Required action: Starting at the line that contains "Print with loose", copy every line through the end of the records below exactly as written, leaving out pictures.

Provided material:
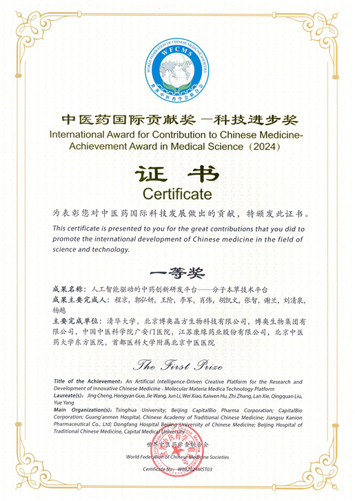 分子本草技術(shù)榮獲中醫(yī)藥國際貢獻(xiàn)獎(jiǎng)--科技進(jìn)步獎(jiǎng)一等獎(jiǎng)
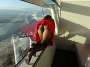 チラリとみえる赤パンティーがまた素敵です(^_^)
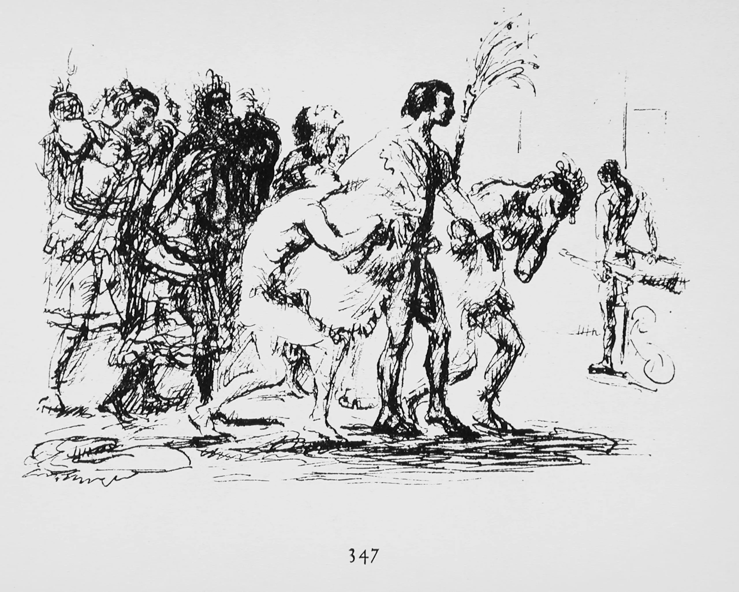 Print with loose black ink lines on cream paper, depicting a crowd of figures in motion, one carrying another, with a torch-bearer nearby
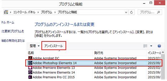 [プログラムと機能] 画面が表示されます。インストールされているプログラムの一覧から [Adobe Photoshop Elements 14] を選択し、[アンインストール] ボタンをクリックします。
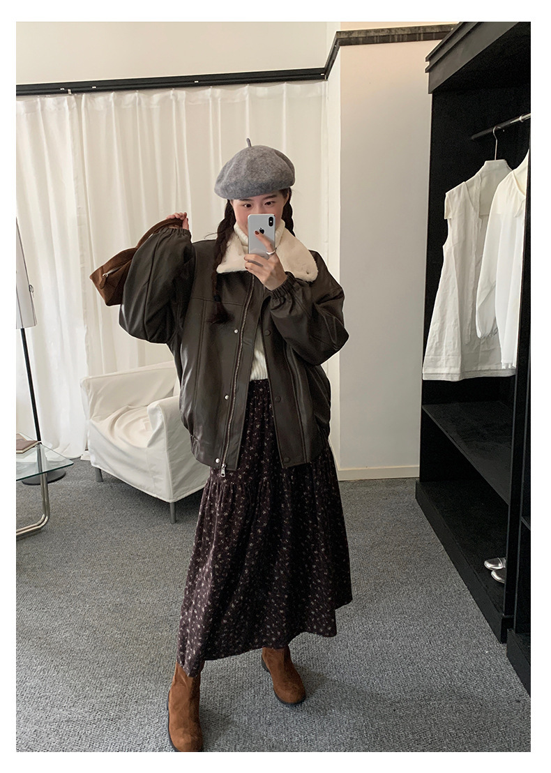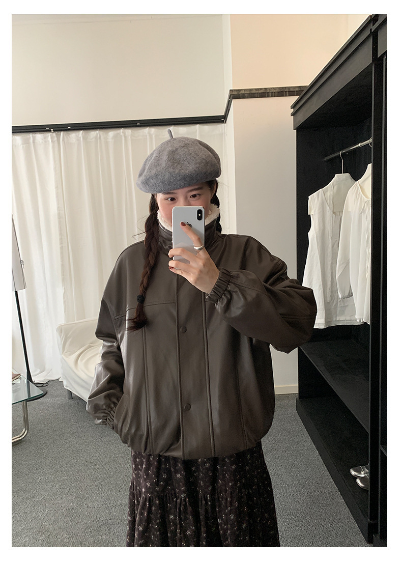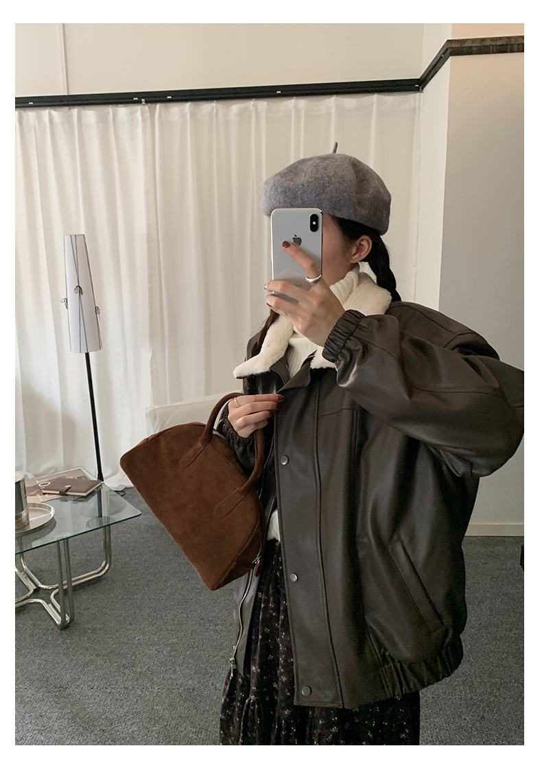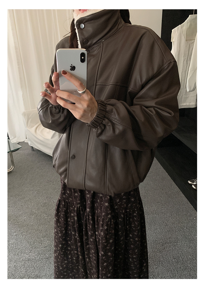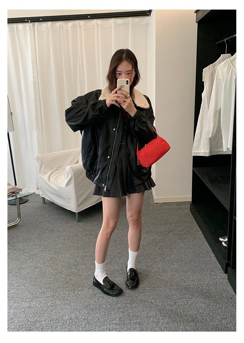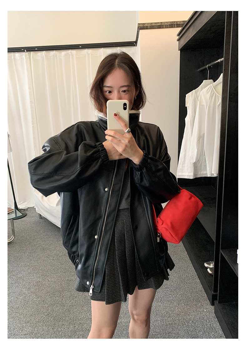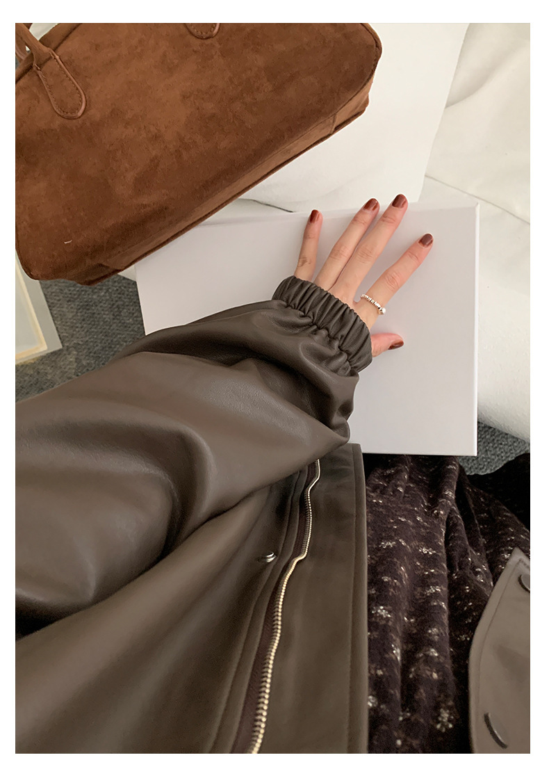 *o-ha-you*【FHZH1BD5041073】高級感毛領PU皮衣夾棉加厚外套女秋冬韓系機車夾克上衣-2色

Answer area:
 Print with loose black ink lines on cream paper, depicting a crowd of figures in motion, one carrying another, with a torch-bearer nearby
 [プログラムと機能] 画面が表示されます。インストールされているプログラムの一覧から [Adobe Photoshop Elements 14] を選択し、[アンインストール] ボタンをクリックします。
 *o-ha-you*【FHZH1BD5041073】高級感毛領PU皮衣夾棉加厚外套女秋冬韓系機車夾克上衣-2色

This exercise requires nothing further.